There are several stakeholders who have a vested interest in the outcomes of this project proposal. These stakeholders include cancer patients and their families, physicians, nurses, and hospital leadership. Cancer patients and their families are key stakeholders, as the project’s success directly impacts them. They have a vested interest in ensuring that the change is successful because it will impact their health and well-being. Physicians and nurses working in the oncology unit have a vested interest in the project’s outcome because its success will help them deliver quality and safe patient care leading to improved care, which is a top priority for all healthcare professionals (World Health Organization, 2017). The hospital leadership, such as the CEO and management, have a vested interest in the project’s outcome because the success of the change project will positively impact the organizational reputation as quality of care. These stakeholders are vital because they directly impact the implementation and adoption of the proposed protocols and measures to prevent and control infection.
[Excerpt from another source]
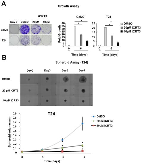 Figure 7. Proliferation and spheroid growth analysis after Wnt/β-catenin signalling inhibition in bladder cancer cells. (A) Crystal violet staining of Cal29 (n = 3) and T24 (n = 3) cells after 8 days treatment with 40 μM and 20 μM of the inhibitor iCRT3. Day 0 was set as 1 arbitrarily. (B) Spheroid analysis of T24 (n = 6) cells after 3-, 5-, 7-days treatment with 40 μM and 20 μM iCRT3. (* p-value < 0.05, Mann–Whitney U-test, n: independent biological replicates).
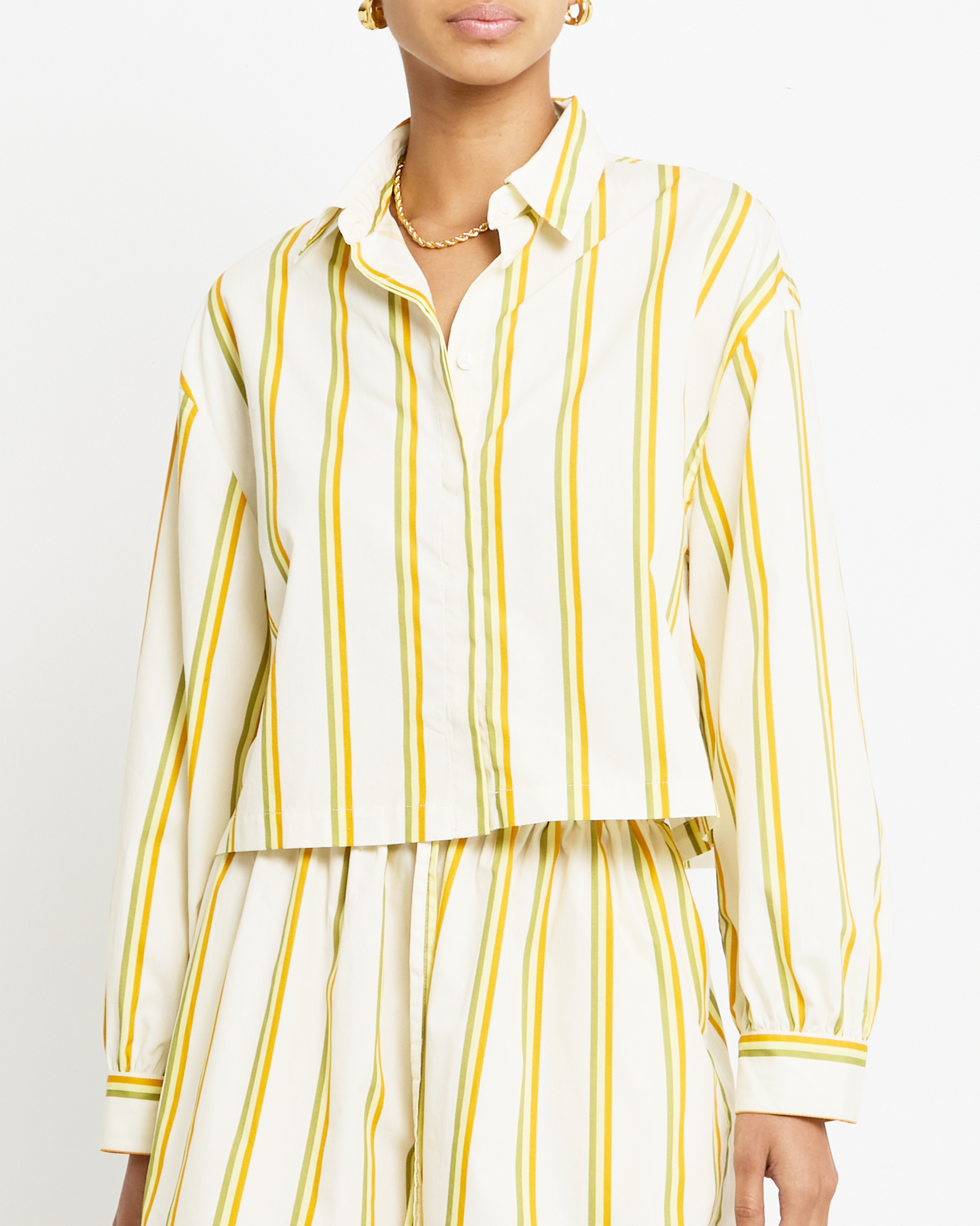 The Tatum Cotton Set offers a classic, yet relaxed look with its easy striped pattern and oversized fit. The elastic waist with drawstring adds comfort and versatility, while the button-up top completes the look.

In conclusion, the proposed change project aims to reduce the risk of infection in cancer patients by implementing evidence-based infection prevention measures such as hand hygiene, catheter placement, and disinfection. Kotter’s theory of change will be used as a framework to guide the implementation of these measures. The project will apply several ethical and legal considerations, including autonomy, beneficence, legal compliance, and potential liability risks associated with the new protocols. Since the patient population is diverse, cultural considerations such as beliefs, practices, and family roles in decision-making may impact acceptance and adherence to the protocols. The change leadership style that will be used is transformational leadership, in which the change agent will inspire and motivate others to prevent and reduce the risk of infection in cancer patients. The organizational leadership, including the CEO, CNO, and CFO, will play important roles in ensuring the successful implementation and sustainability of the change project. Also, there are key stakeholders who have a vested interest in the outcomes of this change project, including the ward head nurse, nurses, physicians, and patients, and it is important to involve and consider their perspectives and needs throughout the process to avoid resistance and build a strong coalition towards making positive changes. Successful implementation of this quality improvement project will promote a culture of safety and lead to improved outcomes in the long term.